- Directed by: Abbas–Mustan
- Screenplay by: Deepak Venkateshan
- Story by: Deepak Venkateshan
- Produced by: Allarakha Vohra; Sayeed Vohra;
- Starring: Arjun Rampal Rani Mukerji Priya Prakash Varrier
- Cinematography: Ravi Yadav
- Production company: AV Picture Production LLP
- Country: India
- Language: Hindi

= 3 Monkeys (unreleased Hindi film) =

3 Monkeys is an unreleased Indian Hindi-language heist thriller film directed by the duo Abbas–Mustan.

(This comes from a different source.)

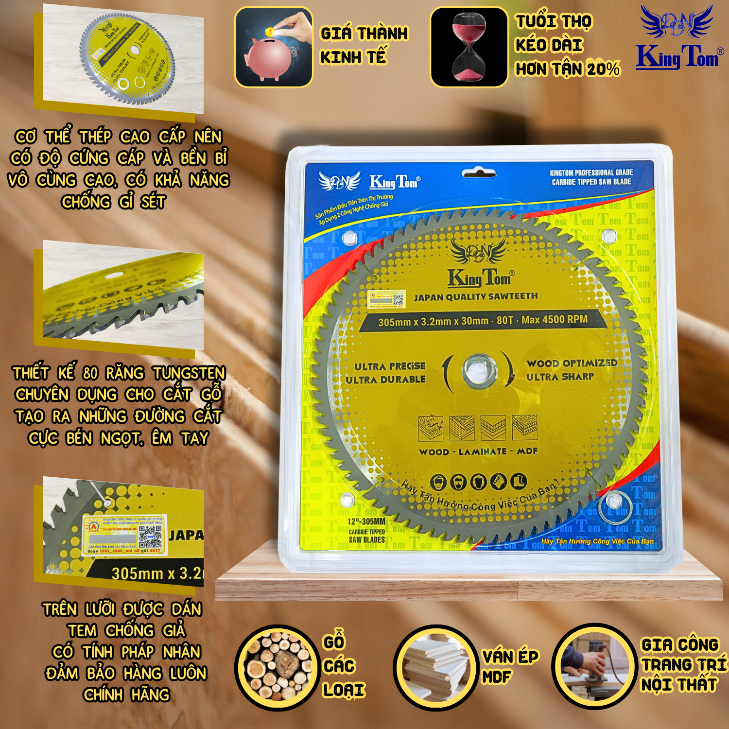 LƯỠI CƯA - LƯỠI CẮT GỖ 305-80 RĂNG KINGTOM VÀNG – CHẤT LƯỢNG VÔ ĐỊCH PHÂN KHÚC GIÁ RẺ!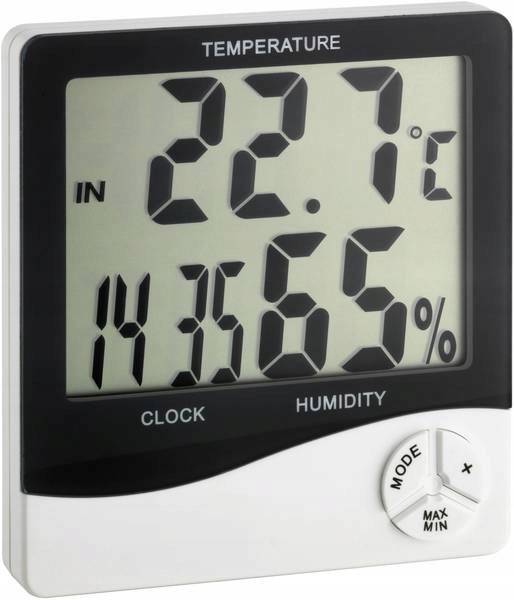 - памʼять хв./Макс.температура: пристрій записує і відображає найвищу і найнижчу виміряну температуру, що допомагає контролювати зміну клімату.Чи>

The film is produced by Allarakha Vohra and Sayeed Vohra under the banner AV Picture Production LLP. The film stars Arjun Rampal, Rani Mukerji and Priya Prakash Varrier.

== Cast ==

- Arjun Rampal
- Rani Mukerji
- Priya Prakash Varrier
- Tunisha Sharma
- Abrar Zahoor
- Rajesh Khattar
- Denzil Smith
- Ivan Sylvester Rodrigues
- Inderpal Singh
- Arpit Ranka
- Anant Mahadevan
- Jyoti Gauba
- Rio Kapadia
- Akashdeep Sabir
- Colonel Ravi Sharma
- Vishal Jethwa
- Ujjwal Gauraha

== Production ==
Principal Photography began on 13 November 2021 in Mumbai.

The cast includes Tunisha Sharma in a posthumous appearance following her death on 24 December 2022.